Mrs. Nina Tourville of East St. Louis, better known as the "Lame Goose Bride," or as the woman who spent a small fortune in a single night, was buried Thursday from her home, 818 Bowman avenue.  None of the pomp which distinguished her last wedding was attendant at her burial.  She died in poverty.

Her first husband, T. J. Delehan, died November 15, 1908, leaving her a $5,000 insurance policy.  The day following the payment of the money she announced that her marriage to J. W. Tourville would be celebrated in the Lame Goose saloon.  All of the city was invited and almost all of her little estate as spent in entertaining her guests.

Tourville died a short time ago, but he only left her $2,000 in insurance, and it was so involved in legal tangles that the widow had secured none of it.

 Though she had few mourners to attend her funeral, the newspapers had a field day with the story:

Hartford Herald
Hartford, Kentucky
28 Sep 1910
page 1

Few Mourners Follow the Body of Woman

Who Spent $6,000 for Wedding Feast to Her Last Resting Place.

St. Louis, Mo, Sept. 24.--Only four carriages followed the hearse which took Mrs. Nina Tourville to her grave in East St. Louis to-day, and among the mourners were none of the 2,000 men and women whom only two years ago she entertained at the feast of food and drink which she prepared when she married a second man a month after her first husband's death.
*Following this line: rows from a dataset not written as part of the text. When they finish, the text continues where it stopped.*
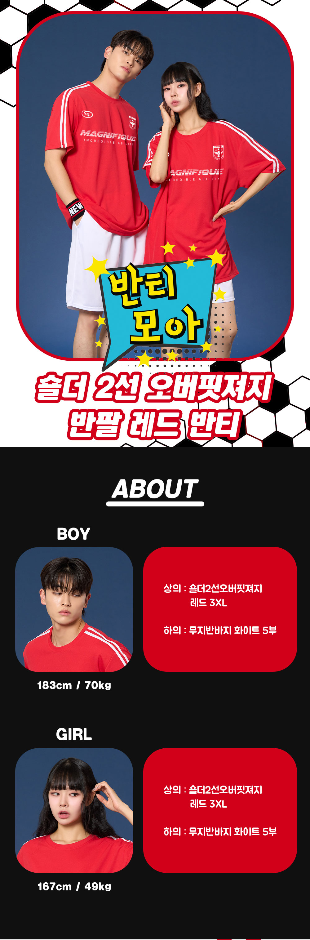 ★★★ 숄더2선 오버핏져지 반팔 레드 반티 ★★★
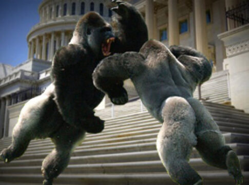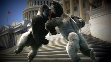 The tourists were on a guided tour of the Capitol Hill area when they were stopped in their tracks by the ape display.
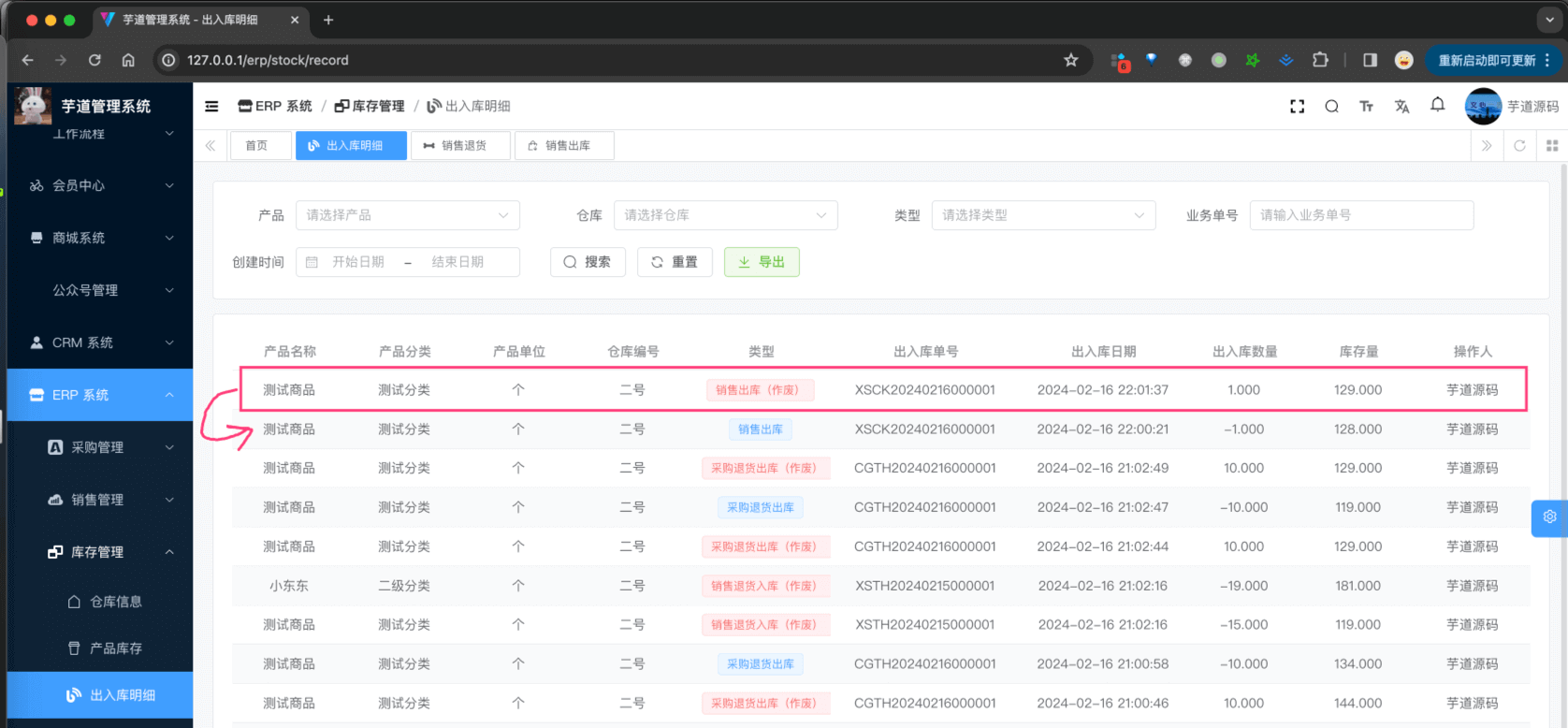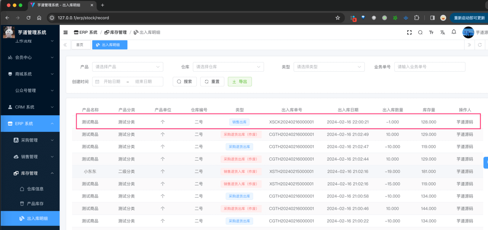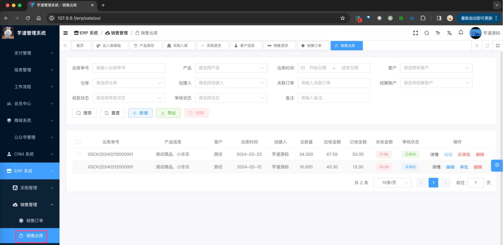 销售出库,由 ErpSaleOutController 提供接口,它会影响(减少)库存。总的来说,它的逻辑和 其它出库 基本一致,只是它是针对销售的出库。
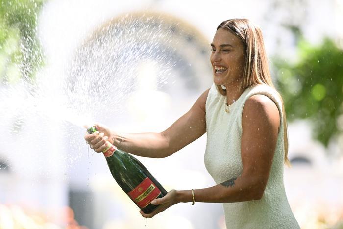 1月28日,萨巴伦卡喷洒香槟,庆祝夺冠。新华社/欧新
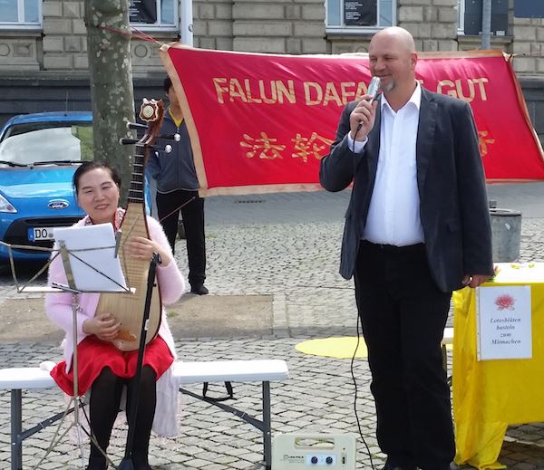 ![]() 图4:主持人向民众介绍法轮功学员演奏的琵琶曲目 |

Mrs. Tourville will always be remembered in East St. Louis as the woman who spent $6,000 in one day.

To Tourville as a wedding gift she gave $300 worth of clothing and $6,500 worth of jewelry.  She hired the Lame Goose saloon outright, including a hall on the second floor, and issued a general invitation to "everybody in East St. Louis" to help her celebrate the marriage.  The bill for the celebration was $6,000.